1. Tristas (three poems, one of which a translation of Rubén Darío's "El cantor va por todo el mundo" from his El canto errante, and another a poem on the Gran Chaco)
2. Islas (four poems on islands: Fogo, Fernando de Noronha, Fernando Po, and Isla Salas y Gómez)
3. Saudades (six poems, including fados and a long poem on Macao)
4. Zambas (two poems set in colonies in or near the Andes with an anti-colonial and anti-Christian tone)
5. Sonetas (three Italian sonnets, the first a translation of Ruben Dario's "Earthquake" from his "Nicaraguan Triptych")
6. Coplas (four four-line stanzas of trimeter, rhyming a b a b)
7. Desenganas (two short poems about sex, guilt, and desire)

==Publishing history==
The collection was to be called Saudades.

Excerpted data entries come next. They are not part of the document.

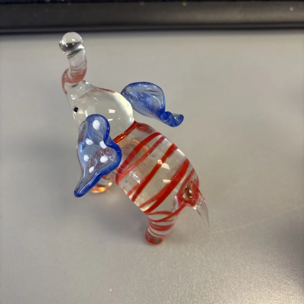 This Lenox Art Glass figurine is a stunning piece that will add elegance to any collection. Crafted from high-quality glass, this figurine features a beautiful American flag trunk up elephant design. The intricate details and exquisite artistry make this a must-have for any collector or lover of fine glassware. The elephant subject is beautifully executed, making this a unique and meaningful addition to any home decor. This figurine is perfect for display on a shelf, desk, or table, and will surely be a conversation starter.
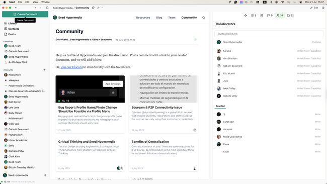 I wanted to allow Killian to create child documents on seed.hyper.media/community. Therefore, I gave him Writing Permissions to the community document. However, he can not only create documents on the document, but he can also modify the document itself; for example, he could delete the query block on the page. An alternative is for community members to use discussions on topics for participation.
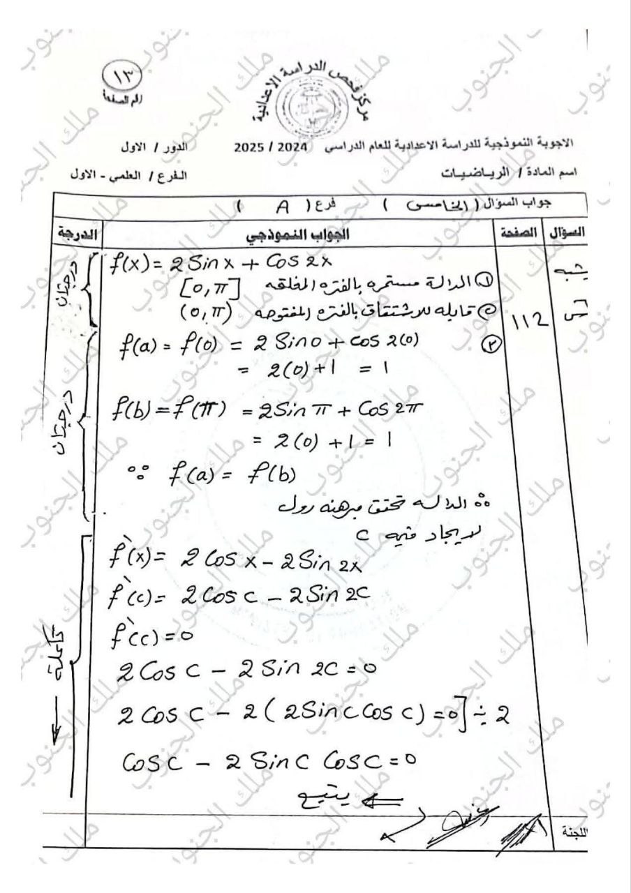 أسئلة مع اجوبتها امتحان دور اول صف سادس علمي 2025 مادة رياضيات
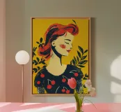 Dieses Poster ist eine nostalgische Hommage an den Mid-Century-Stil und die Illustrationen der 50er und 60er Jahre. Der Stil erinnert an die lebendige Ästhetik alter Magazin-Cover, kombiniert mit der einfachen Farbpalette des Siebdrucks. Die Farbkontraste aus leuchtendem Gelb, sattem Rot und tiefem Schwarz geben dem Bild eine kraftvolle Dynamik. Die Frau, dargestellt mit geschlossenen Augen und einem sanften Lächeln, strahlt eine ruhige Gelassenheit aus. Es ist ein Bild, das nicht nur eine Geschichte erzählt, sondern auch eine Atmosphäre von jugendlicher Fröhlichkeit in den Raum bringt.
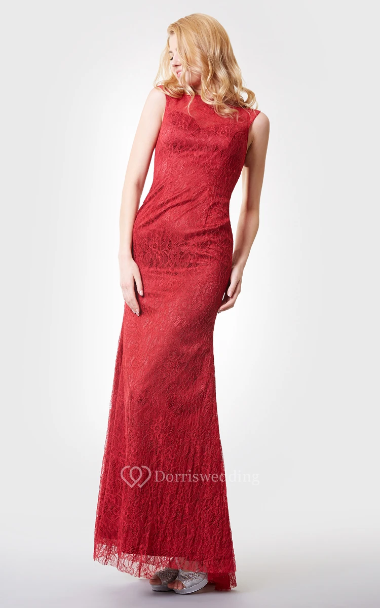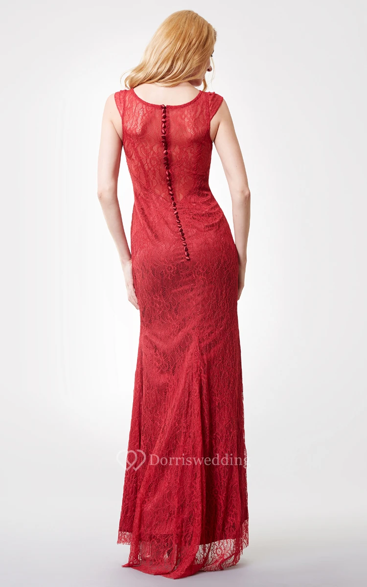 Charming Long Lace Dress With Jewel Neckline

First published in 1933 by A. A. M. Stols in Nijmegen in 15 hand-signed copies (according to Slauerhoff, 14 more than necessary). The second was the first trade edition, a revised edition with a number of poems excised, published in 1934. Following editions 1935, 1939, and 1940) were edited by Kees Lekkerkerker (and all published by Stols.

==Critical responses==
Menno ter Braak praised Soleares highly in a review later collected in his In gesprek met de onzen (1946). He identifies Slauerhoff's poetry's main theme as "the desperado, the person who feels like an outcast in a world he regards with a mixture of revulsion, desperate affection, and sarcasm" and remarks that with Slauerhoff this isn't a pose but an innate quality of the man. Compared to his earlier collections the quality of the poetry has increased, but not at the expense of personality. Ter Braak cites "Vida triste", in which the speaker reflects on a love affair and begs for a way to kill his hellish passion, and finds in it Slauerhoff's continuing displeasure with existence and his fatal exile.

The volume was awarded the 1934 C.W. van der Hoogtprijs. Though Slauerhoff had been critical of the Maatschappij der Nederlandse Letterkunde, which awarded the prize, he did accept it, as a thank-you note written in Tangier on 2 July 1934.